• [RECORDED INFORMATION]
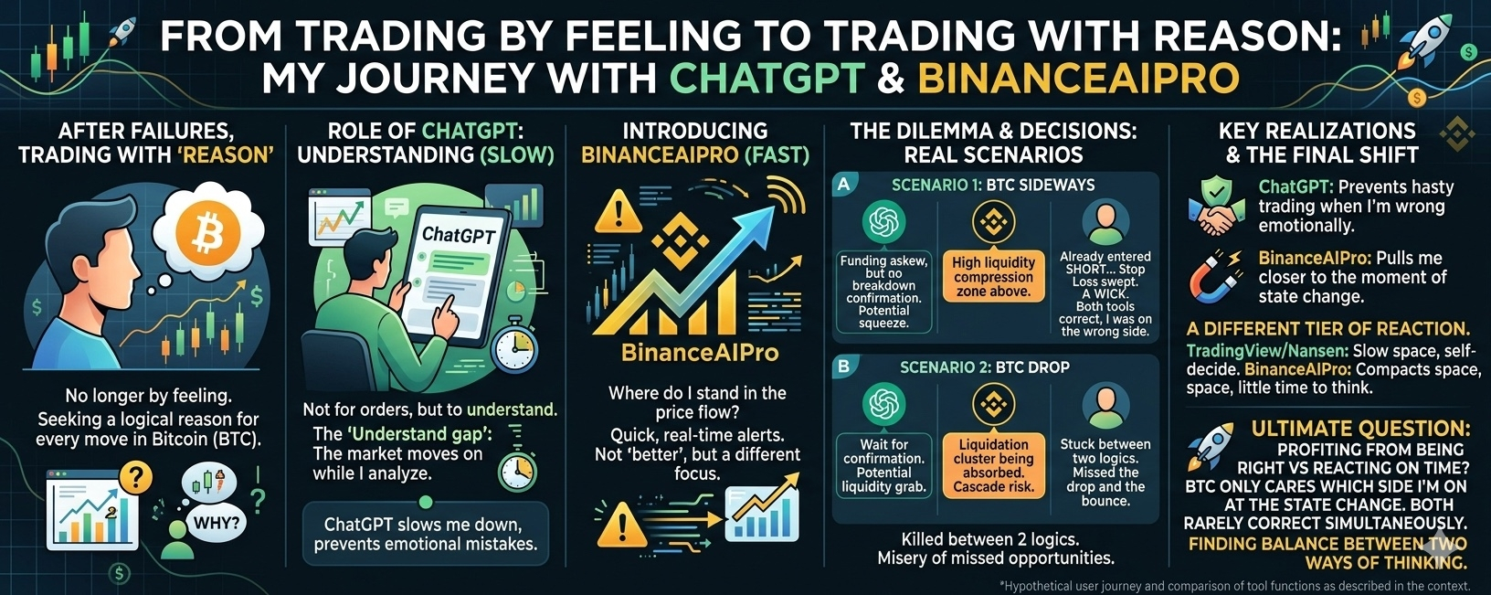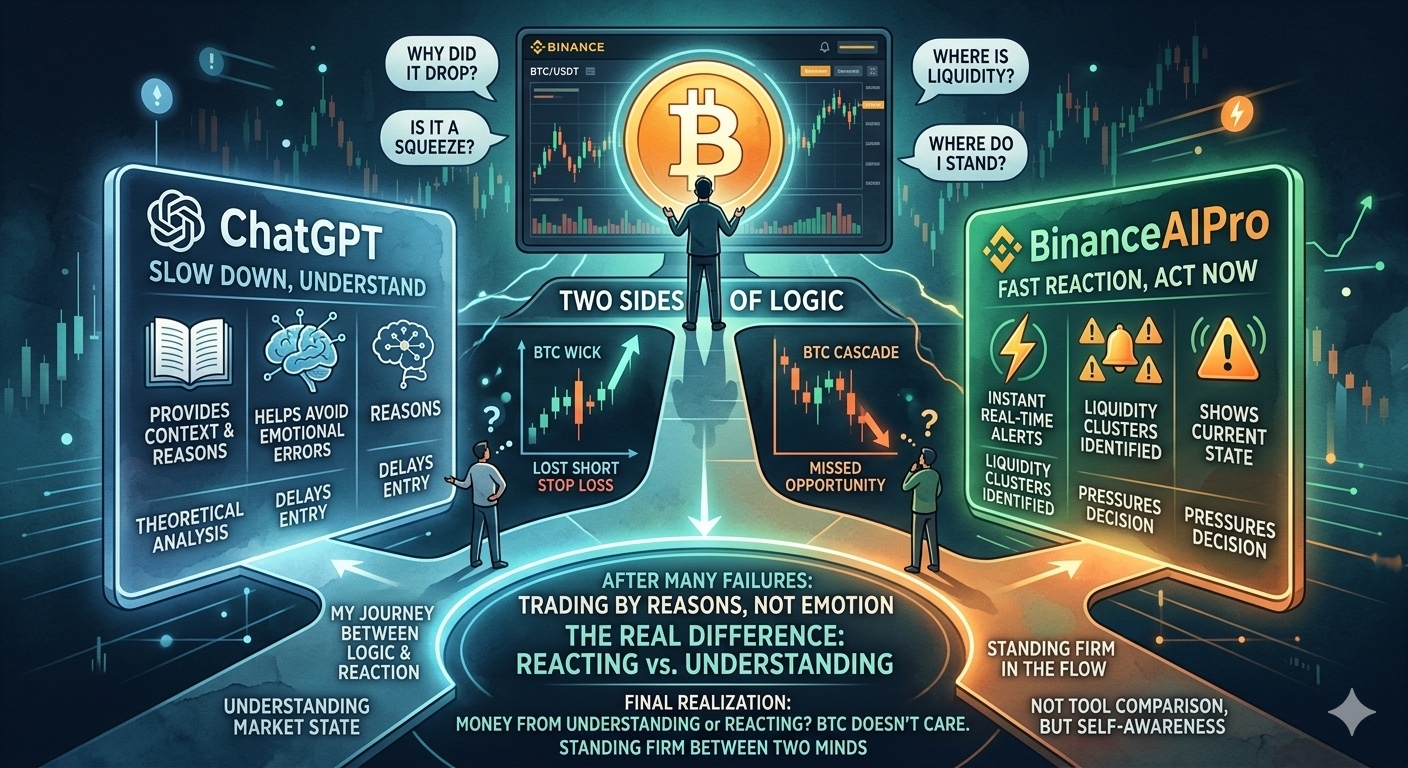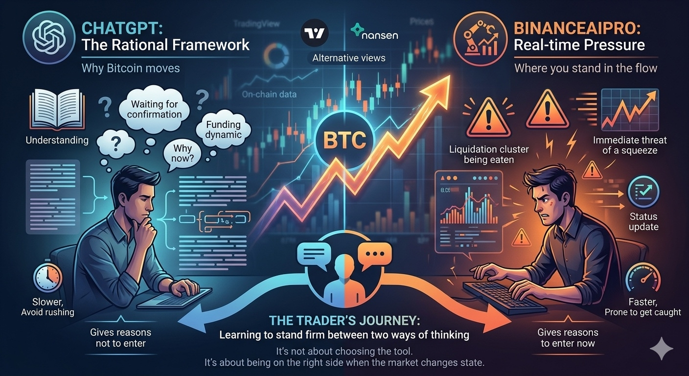 Có một điểm bắt đầu rõ dần: ChatGPT khiến mình chậm lại để tránh sai. BinanceAIPro khiến mình nhanh hơn nhưng dễ bị cuốn vào vùng chưa chắc chắn. Nhưng cái đáng nói không nằm ở đó. Mà nằm ở cách chúng “ép mình ra quyết định khác nhau trong cùng một cú move”.
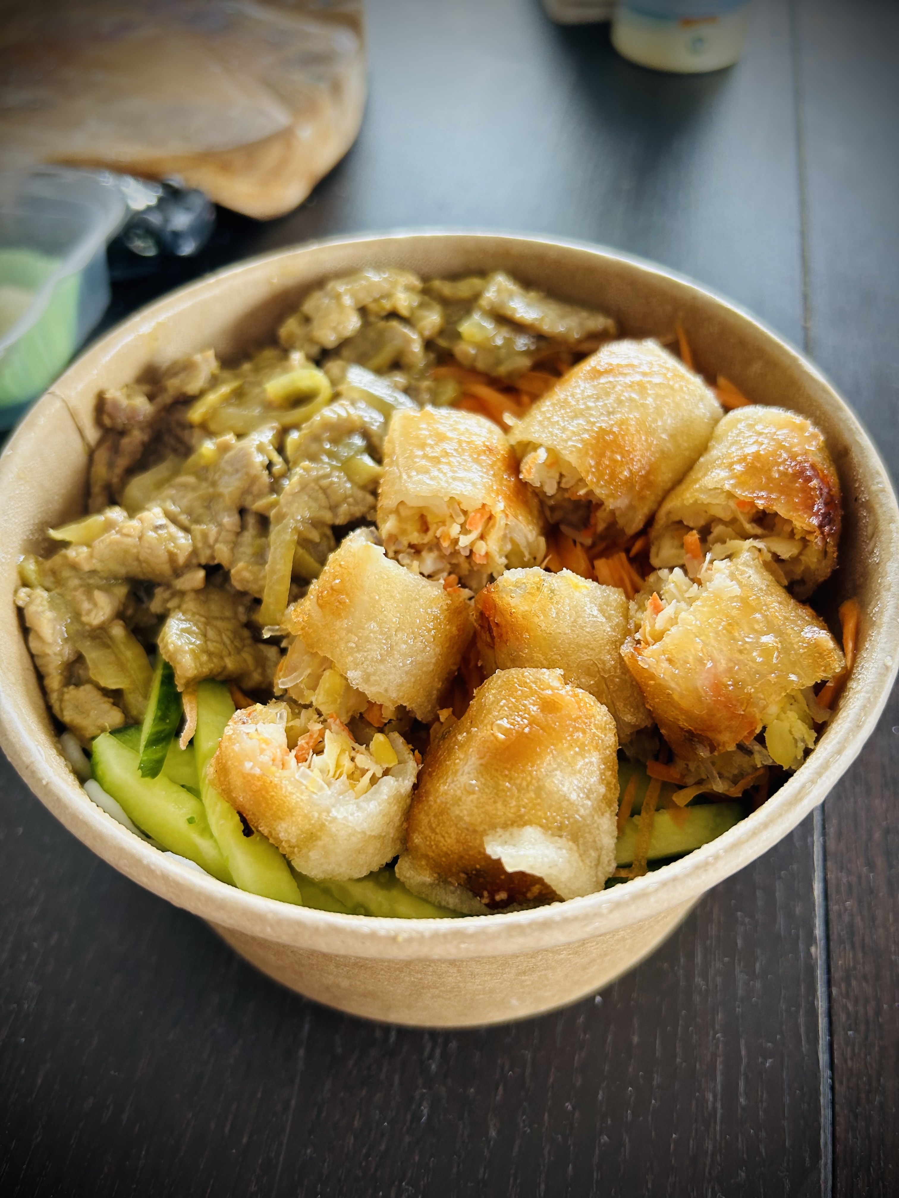 Posté le 20/02/2023 à 17:06"Comme son nom l’indique ce restaurant est un restaurant de type fast food . Ne vous attendez donc pas à de la cuisine gastronomique. Cependant la fraîcheur des produits est au rendez vous . Les présentoirs sont propres et le tout appétissant. J’ai goûté cette fois le bo bun . Vraiment très bon et frais. Manque peut être la sauce cacahuète avec . Rouleau de printemps très frais et on sent bien la menthe . Pour le dessert j’ai pris des mochis au thé vert très bon . Bref le tout pour 12,95€ . Le goût est là la fraîcheur aussi et très bon rapport qualité prix . Accueil très sympathique et souriant. Pratique pour manger entre midi et deux pour ceux qui travaillent sur le secteur . Parking sur l’arrière du restaurant."
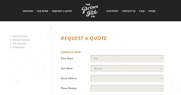 复杂一点表格看Prince Ink quote form网站,页面分为4部分。
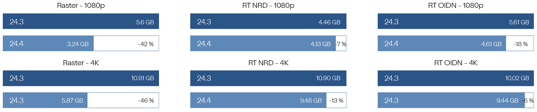 The graphics card (video) memory in Lumion 24.4 has been improved during real-time navigation and, especially, during rendering. Switching between Modes will now allocate graphic resources necessary only for the active mode, resulting in graphics card memory usage reduction of up to 40% in certain situations. The table below shows some of the differences:
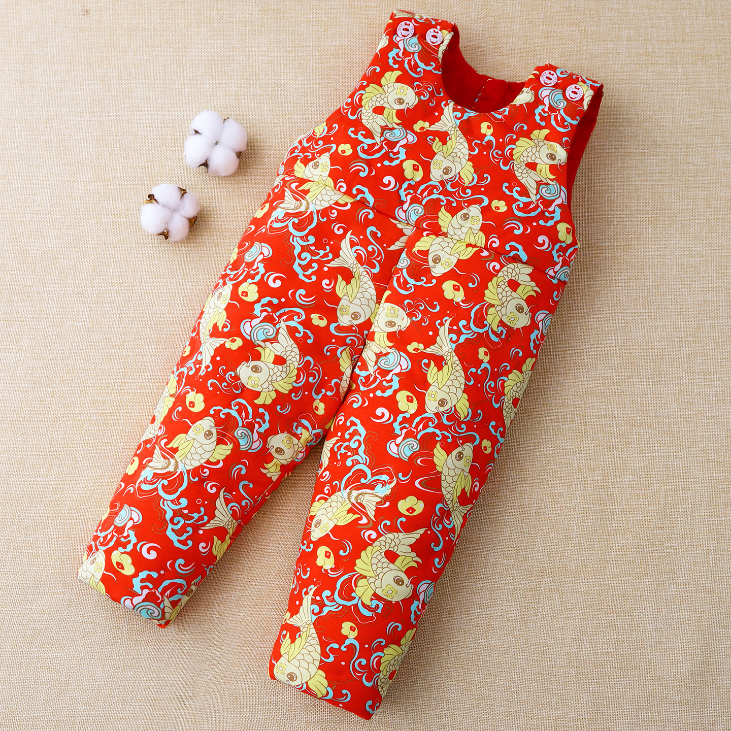 📚 纯棉花婴儿手工背带棉裤宝宝秋冬季加厚裤子男女儿童加棉保暖长裤
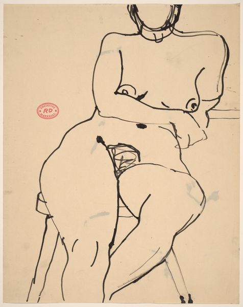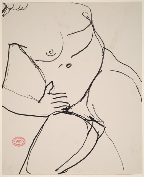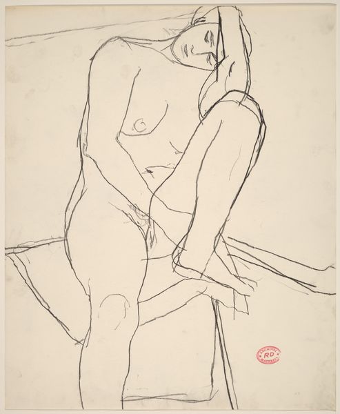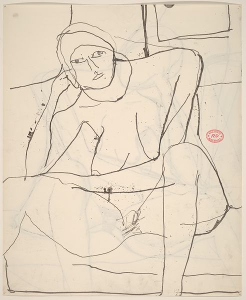 Curator: This drawing, dating from somewhere between 1955 and 1967, is simply titled "Untitled [seated nude with resting her head on her knee] [recto]" by Richard Diebenkorn. Editor: My first thought is of someone finding refuge. A moment of profound inwardness rendered with such startling economy of line. It’s almost painful, but beautiful, you know? Curator: Absolutely. And the term “seated nude” really doesn’t begin to unpack the vulnerability of this depiction. There’s such raw emotion. Consider the artistic context in which this work was made: the gendered power dynamics of the mid-20th century. How did this kind of imagery contribute or speak back to prevailing notions of the objectified female form? Editor: I'm glad you said that! There is no sexualizing happening here. The lines feel almost shaky with feeling and, you know, there's this overwhelming sense of sadness. The crossed-out or re-drawn line work gives a sense of Diebenkorn's own search. Curator: Exactly, Richard Diebenkorn was, throughout his career, keenly invested in how abstraction and representation meet and diverge. Look at the background where the previous drawings peek through, but where their meaning is less defined. We might then ask whether these fragmented depictions, or the lack of solid representation, are indicative of shifting identity, the ambiguity of experience, or perhaps even trauma. Editor: Hmmm, trauma… perhaps! It just feels really… human. Frail, even. Curator: I agree. What’s particularly interesting, I think, is the interplay between form and emotion within the history of the nude. I mean, how do artists negotiate, then and now, this visual territory that has long been shaped by patriarchal conventions? This artist offers an especially important intersectional understanding, it seems. Editor: Absolutely. It just goes to show, doesn’t it? How a few simple lines can just speak volumes! Curator: Yes, volumes about looking inward.
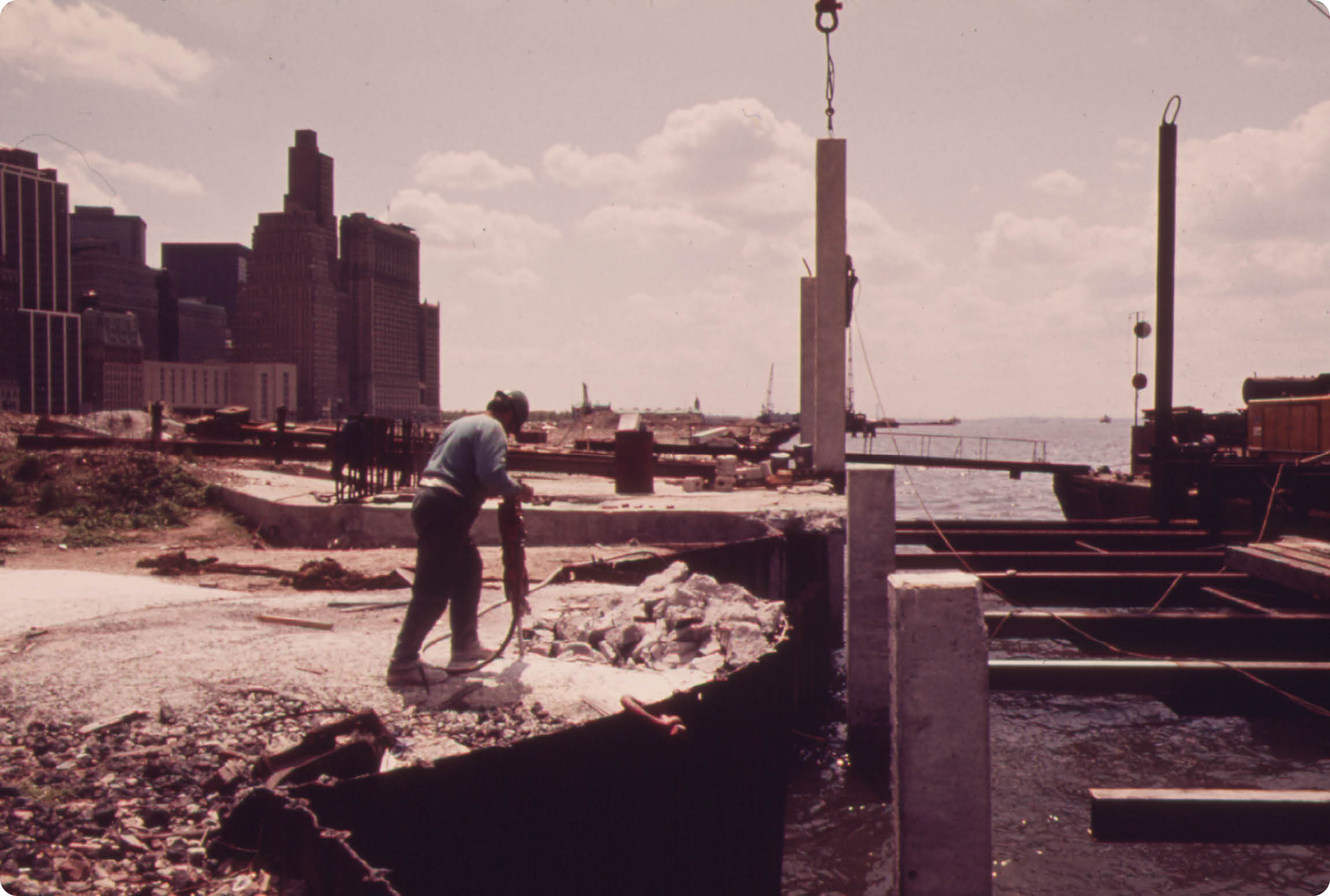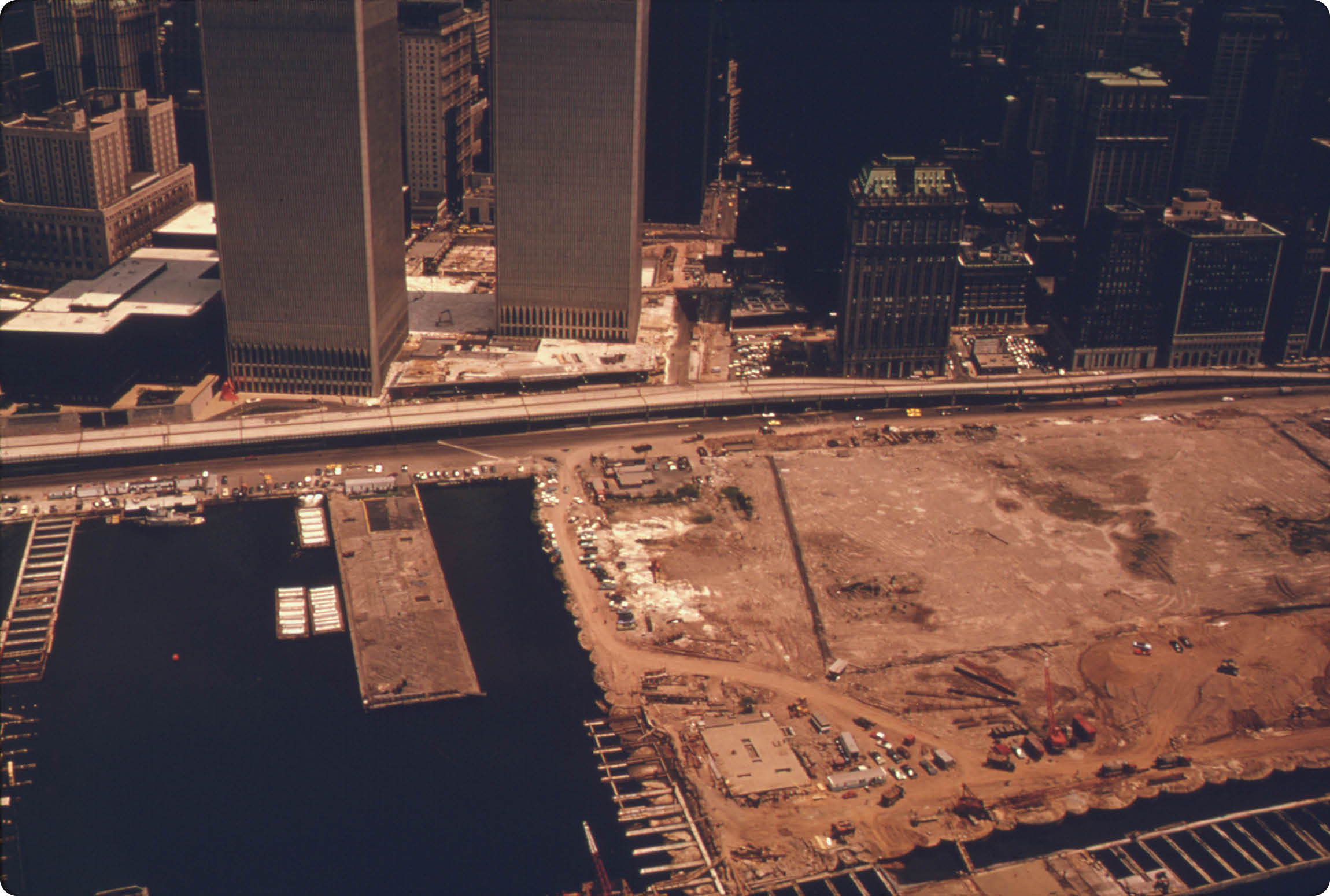 Construction of Battery Park City in 1973. Photo by Wil Blanche, via the <a href="https://catalog.archives.gov/id/549309" target="blank">National Archives</a>

• [EXERCISE DETAILS] Transcribe the entries above verbatim, omitting their pictures.

• [EXERCISE RESPONSE]
 Có một điểm bắt đầu rõ dần: ChatGPT khiến mình chậm lại để tránh sai. BinanceAIPro khiến mình nhanh hơn nhưng dễ bị cuốn vào vùng chưa chắc chắn. Nhưng cái đáng nói không nằm ở đó. Mà nằm ở cách chúng “ép mình ra quyết định khác nhau trong cùng một cú move”.
 Posté le 20/02/2023 à 17:06"Comme son nom l’indique ce restaurant est un restaurant de type fast food . Ne vous attendez donc pas à de la cuisine gastronomique. Cependant la fraîcheur des produits est au rendez vous . Les présentoirs sont propres et le tout appétissant. J’ai goûté cette fois le bo bun . Vraiment très bon et frais. Manque peut être la sauce cacahuète avec . Rouleau de printemps très frais et on sent bien la menthe . Pour le dessert j’ai pris des mochis au thé vert très bon . Bref le tout pour 12,95€ . Le goût est là la fraîcheur aussi et très bon rapport qualité prix . Accueil très sympathique et souriant. Pratique pour manger entre midi et deux pour ceux qui travaillent sur le secteur . Parking sur l’arrière du restaurant."
 复杂一点表格看Prince Ink quote form网站,页面分为4部分。
 The graphics card (video) memory in Lumion 24.4 has been improved during real-time navigation and, especially, during rendering. Switching between Modes will now allocate graphic resources necessary only for the active mode, resulting in graphics card memory usage reduction of up to 40% in certain situations. The table below shows some of the differences:
 📚 纯棉花婴儿手工背带棉裤宝宝秋冬季加厚裤子男女儿童加棉保暖长裤
 Curator: This drawing, dating from somewhere between 1955 and 1967, is simply titled "Untitled [seated nude with resting her head on her knee] [recto]" by Richard Diebenkorn. Editor: My first thought is of someone finding refuge. A moment of profound inwardness rendered with such startling economy of line. It’s almost painful, but beautiful, you know? Curator: Absolutely. And the term “seated nude” really doesn’t begin to unpack the vulnerability of this depiction. There’s such raw emotion. Consider the artistic context in which this work was made: the gendered power dynamics of the mid-20th century. How did this kind of imagery contribute or speak back to prevailing notions of the objectified female form? Editor: I'm glad you said that! There is no sexualizing happening here. The lines feel almost shaky with feeling and, you know, there's this overwhelming sense of sadness. The crossed-out or re-drawn line work gives a sense of Diebenkorn's own search. Curator: Exactly, Richard Diebenkorn was, throughout his career, keenly invested in how abstraction and representation meet and diverge. Look at the background where the previous drawings peek through, but where their meaning is less defined. We might then ask whether these fragmented depictions, or the lack of solid representation, are indicative of shifting identity, the ambiguity of experience, or perhaps even trauma. Editor: Hmmm, trauma… perhaps! It just feels really… human. Frail, even. Curator: I agree. What’s particularly interesting, I think, is the interplay between form and emotion within the history of the nude. I mean, how do artists negotiate, then and now, this visual territory that has long been shaped by patriarchal conventions? This artist offers an especially important intersectional understanding, it seems. Editor: Absolutely. It just goes to show, doesn’t it? How a few simple lines can just speak volumes! Curator: Yes, volumes about looking inward.
 Construction of Battery Park City in 1973. Photo by Wil Blanche, via the <a href="https://catalog.archives.gov/id/549309" target="blank">National Archives</a>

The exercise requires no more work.